If you want to know why humans do what they do, it is always worth following the money trail. There are multi-billion dollar institutions that are thriving on “time and materials” contracts and whose commercial interests will be threatened by the introduction of standardised sizing. Nowadays most software work is commissioned on a time-and-materials basis, with little commercial risk to the supplier. Once purchasing organisations start to insist on paying for output instead of effort on software work, the balance of commercial risk will shift slightly from vendor to buyer.
Also, many consultants, agile coaches, framework vendors and even developers benefit from the lack of transparency that comes from not formally sizing software.
By using CFP sizing, buyers will be able to procure software services including developers, testers, agile coaches, architects, even consultants on a cost per CFP. In due course, wide adoption of CFP sizing is inevitable because those buying the software services will discover that not only is it more transparent and measurable, but with proper sizing, you can deliver more software, faster. Eventually this will lead towards commoditisation of software work.
The ability to deliver software change projects faster and better than competitors is becoming a key determinant of corporate survival. By using valid measurement, you can determine which teams, suppliers and projects are actually successful vs those who just pretend to be. For example, if team A delivers 1000 CFP in 12 months for $1m dollars, whilst team B delivers 700 CFP in 20 months for $2m you can clearly see who is doing a better job. This is not possible without CFP sizing.
There will be resistance to adoption of transparent sizing of software work. Transparency and measurability can be threatening to those who benefit from the absence of it. You should expect pushback from your development suppliers, and even your own in-house development teams, who currently enjoy a degree of freedom that comes from being unmeasured.
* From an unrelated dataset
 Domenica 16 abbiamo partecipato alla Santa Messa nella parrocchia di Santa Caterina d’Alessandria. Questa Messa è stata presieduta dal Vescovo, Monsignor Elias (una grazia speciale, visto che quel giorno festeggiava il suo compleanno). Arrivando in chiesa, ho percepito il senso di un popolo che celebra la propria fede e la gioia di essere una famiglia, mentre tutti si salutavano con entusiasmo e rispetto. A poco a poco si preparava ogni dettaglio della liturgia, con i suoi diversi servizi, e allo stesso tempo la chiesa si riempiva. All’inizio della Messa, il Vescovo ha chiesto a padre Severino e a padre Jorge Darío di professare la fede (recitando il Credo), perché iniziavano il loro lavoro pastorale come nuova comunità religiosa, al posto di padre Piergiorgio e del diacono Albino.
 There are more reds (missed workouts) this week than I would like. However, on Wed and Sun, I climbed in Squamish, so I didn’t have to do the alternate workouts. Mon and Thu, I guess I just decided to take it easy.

You’ll hear pushback like “we don’t have the time to do that”. For a typical refined user story, it will take up to 2 staff hours of aggregated conversation to shape, analyse and estimate in story points. Whereas CFP can be determined in just a few minutes.
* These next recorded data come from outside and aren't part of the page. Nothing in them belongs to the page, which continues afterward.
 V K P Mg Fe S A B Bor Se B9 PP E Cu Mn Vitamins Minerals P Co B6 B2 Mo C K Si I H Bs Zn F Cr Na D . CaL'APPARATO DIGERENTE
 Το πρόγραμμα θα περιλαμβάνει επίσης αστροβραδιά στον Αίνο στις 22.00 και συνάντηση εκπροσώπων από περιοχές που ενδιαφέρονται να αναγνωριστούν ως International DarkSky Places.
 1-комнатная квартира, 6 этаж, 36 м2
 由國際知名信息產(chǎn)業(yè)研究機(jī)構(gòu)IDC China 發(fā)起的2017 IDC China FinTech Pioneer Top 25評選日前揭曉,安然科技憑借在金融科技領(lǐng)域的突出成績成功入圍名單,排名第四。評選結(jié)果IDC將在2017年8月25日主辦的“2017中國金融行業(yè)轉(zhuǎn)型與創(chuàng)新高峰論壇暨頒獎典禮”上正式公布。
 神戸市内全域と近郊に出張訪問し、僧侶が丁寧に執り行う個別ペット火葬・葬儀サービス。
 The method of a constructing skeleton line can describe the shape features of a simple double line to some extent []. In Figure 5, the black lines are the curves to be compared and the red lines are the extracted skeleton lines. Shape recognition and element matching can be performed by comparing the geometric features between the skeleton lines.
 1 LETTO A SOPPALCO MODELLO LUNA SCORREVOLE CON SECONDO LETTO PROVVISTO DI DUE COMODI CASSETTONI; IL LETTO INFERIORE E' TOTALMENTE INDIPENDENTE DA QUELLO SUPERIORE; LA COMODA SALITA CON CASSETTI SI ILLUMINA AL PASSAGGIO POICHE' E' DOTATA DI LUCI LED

Another reaction you’ll encounter is “we have plenty of metrics already”. In response to this, you’ll need to challenge your teams on the validity of the “metrics” that they currently provide. Here are some commonly used, so-called metrics, and their failings vs CFP-based equivalents. These are commonly used indicators, they may be helpful but they are NOT valid metrics based on a metric system.
- Story points – these are subjective, gameable, unscientific and inconsistent within and between teams. Story points are essentially a proxy for an estimate of hours of effort. Instead use CFP.
- T-Shirt Sizes– are also subjective, gameable, unscientific and inconsistent indicator of effort.
- Story Counts – stories vary in absolute size, typically ranging from 2 – 120 CFP, median of 6 CFP, so counting stories of inequivalent size is an unreliable indicator of progress.
- Agile Velocity – quoted in stories or story points over time. See Story Points, this should be considered an indicator of productivity. Instead use: CFP per sprint or month`
- Sprint Burndown or weekly burnup– based on story points or story counts. Instead use CFP delivered.
Nb. Cycle time, lead time, defect fix rate, code complexity, defect discovery rate, and test coverage are examples of valid metrics that we encourage.
Using CFP as a Foundation Metric for Controlling Projects
As well as using CFP for sizing your software portfolio and projects, you can use CFP-based metrics as the basis for controlling project progress:
- productivity (CFP/month),
- quality (defects found/CFP)*
- scheduling human resources such as work allocation (in CFP) per individual.
- scope (CFP), scope change and scope volatility
*this can be further broken down to defects by criticality and defects by source – all per CFP.
These are all vital measures for effectively controlling software projects. You’ll quickly start to see which projects are going well and which ones need help.
CFP and Quality
Let us take a look at the relationship between software quality and sizing or knowledge of size (in CFP).
The process of sizing helps with quality
The process of sizing encourages us to think deeply about the functional requirements needed to deliver a valuable business capability. This thinking helps to flush out potential misunderstandings early. These misunderstandings would otherwise manifest themselves as defects. So the process of CFP sizing is, in effect, the “ultimate in shift left testing”.
Knowledge of size helps improve quality
Knowing the size can help us (when using benchmarks) predict the number of defects that we might expect to find in a piece of software. This forecaste, in turn, will help us determine how much testing is needed? By working with defects per CFP, our appreciation of quality improves.
Automated analysis helps improve quality too
By choosing to use ScopeMaster® to analyse and test requirements, you will immediately discover about 50% of the latent requirements problems that you can then rapidly and early. This represents about 8% of all the defects on a project, and even more on larger ones.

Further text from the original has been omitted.